An accurate knowledge of potential fishing zones (PFZ) off lagoon has several applications:

  • It could be used to optimise fishing effort by sending fishing vessels in the richest zones.
  • A good knowledge of potential fishing areas could be used to improve fisheries management (both at national and regional level).
  • Control fishing grounds by sending patrol to potential and/or identified PFZ to control licences of fishing vessels operating in these waters.
  • Small scale fishing companies who have the means to go off lagoon could get advantage of PFZ maps to increase capture efficiency
  1.  Monitoring of Coastal Environment

The vulnerability of coastal zones depends on the geological substratum, elevation and local sea conditions. The combination of historical images (aerial photos) with satellite imagery and elevation data, allows building up coastal hazard maps related to coastal erosion, wave surge, tropical storm associated or not with predicted sea level rise. The MOI in collaboration with the Ministry of Environment will be elaborating a Coastal Vulnerability Index Map for Mauritius. This up to date map would provide the latest information that could be used by the Ministry of Environment for the Integrated Coastal Zone Management (ICZM) Policy and most importantly to take remedial actions.Development of the MESA project website. Website is available on the following link


Bioprospecting of Mauritius Waters (Biological activities of marine natural substances from Mauritius Waters

The rich diversity of the Oceans offers important economic opportunities through the sustainable exploitation of our marine resources to develop drug leads for the pharmaceutical sector. Over the last five decades, a number of marine natural products have been exploited as new drugs especially in anti-cancer drug discovery (i.e. Yondelis®, Halaven® and Adcetris®). Mauritius has a rich and unique biodiversity of marine fauna and flora that offers a vast potential for discovering novel bioactive compounds. In that respect, the aim of this project is to investigate the biological activities of marine organisms to find natural products potent against human diseases. This research has identified various species of marine sponges, whose extracts have shown active properties against diseases such as Cancer, Alzheimer and Diabetes Mellitus. Currently, these active extracts are being purified to find bioactive substances, which can be developed into potent drugs.
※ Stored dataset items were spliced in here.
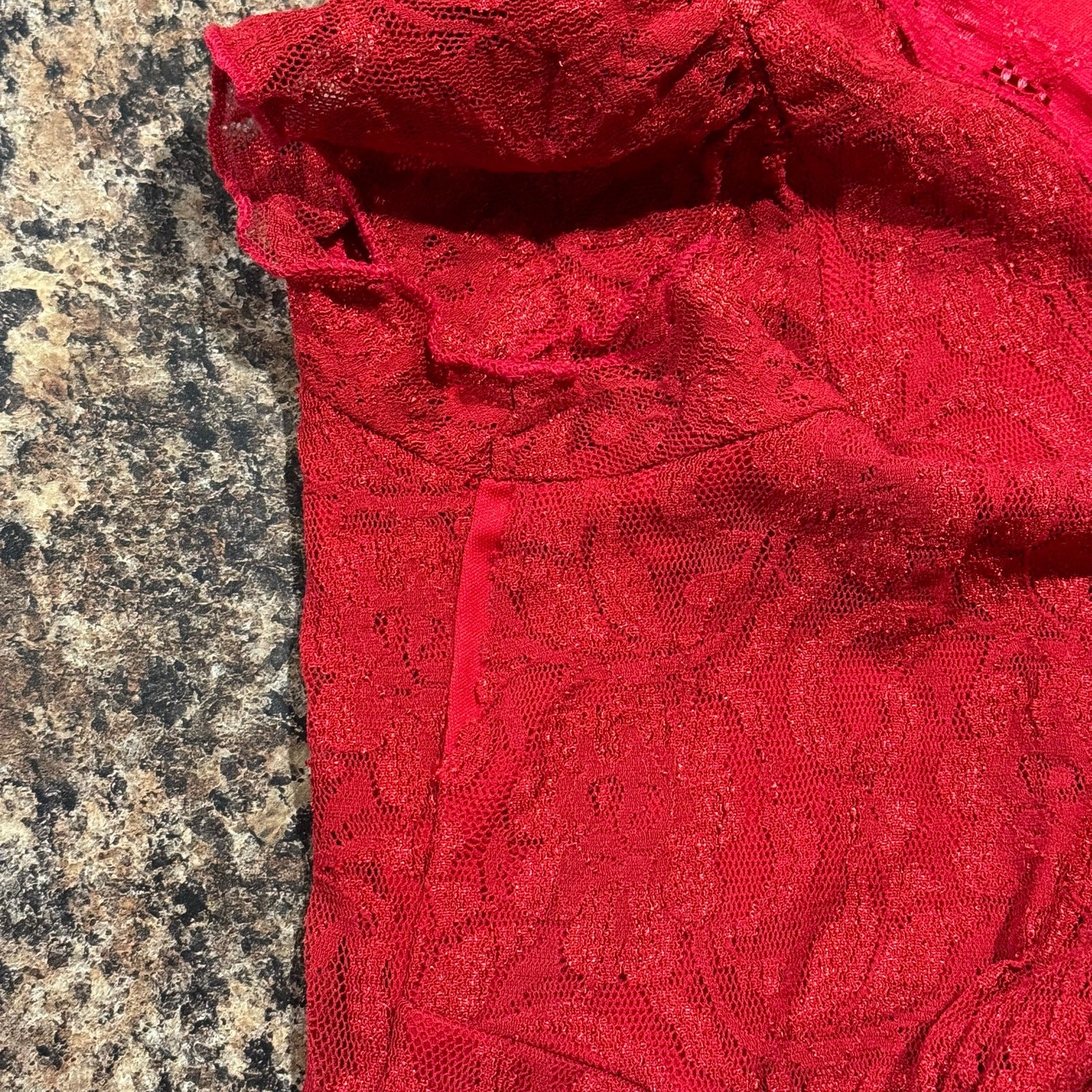 как выглядит Vintage Top Floral Lace Whimsigoth Y2K Romantic Coquette Dark Academia Red Small фото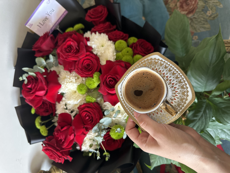 An indoor scene is depicted from an overhead perspective, featuring a light-skinned hand holding a small white demitasse cup filled with dark brown coffee, complete with a foam ring, centered on a matching square-shaped saucer adorned with gold and red/brown intricate patterns. The hand and cup are positioned above the vibrant green leaves of an unidentified houseplant. Dominating the background is a large bouquet of fresh flowers, wrapped in black paper. The bouquet is composed of numerous red roses, clusters of white chrysanthemums, and bright green button poms, accented with light green eucalyptus foliage. A small white card, displaying "I Love You" in purple text, is tucked into the upper right side of the bouquet. The precise location within Al-Muhajerin Municipality, Syria, cannot be determined from the visual evidence provided in the image. The immediate background behind the flowers is softly blurred, showing hints of a light wall and a textured, possibly patterned, surface.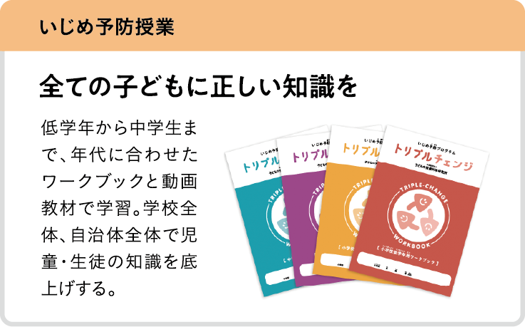 また、教員向け研修、いじめ予防授業にも、現場から評価の声が届いているそうだ。「教員の経験則に頼っていた部分を理論的に学ぶことで、自信をもって児童・生徒と向き合えるようになったようです。教員からは“もっと早く知りたかった”との声もありました。また、以前は各校がいじめに関する授業を独自に組み立て、教材も用意していましたが、今は統一されたワークブックや動画教材があり、授業の方法も研修で学べる。準備の負担や不安が減ったと思います」。

This endeavour is in line with the mission statement of the Ministry to harness the potential of the EEZ (Exclusive Economic Zone) and to develop the Ocean Economy


  • Inventory of marine sponges in the Mauritius Waters.
  • Investigating the biological properties of sponge extracts.
  • Isolation and characterization of bioactive compounds.

Project team: Avin Ramanjooloo, Preeti Oogarah


Study of Local Seismicity around Rodrigues–CIR Region Using Array Techniques (collaborative project with Frankfurt University)

Seismic activity around Rodrigues region has been a matter of concern for local population since long. Being at the distance of approximately 250km to the highly active Central Indian Ridge (CIR) it is always in danger of experiencing some ground shaking. Between 2009 and 2012 more than 40 events with magnitudes larger than 4.2 have been registered along Rodrigues–CIR region by the global seismographic networks. The largest magnitudes being 6.3 and 6.7 in August 2010 and July 2012, respectively. Since, earthquakes cannot be located reliably by one single seismic station. We intend to deploy a dense array of seismic stations on the island of Rodrigues and will employ array techniques for the detection and analysis of the seismicity of the region.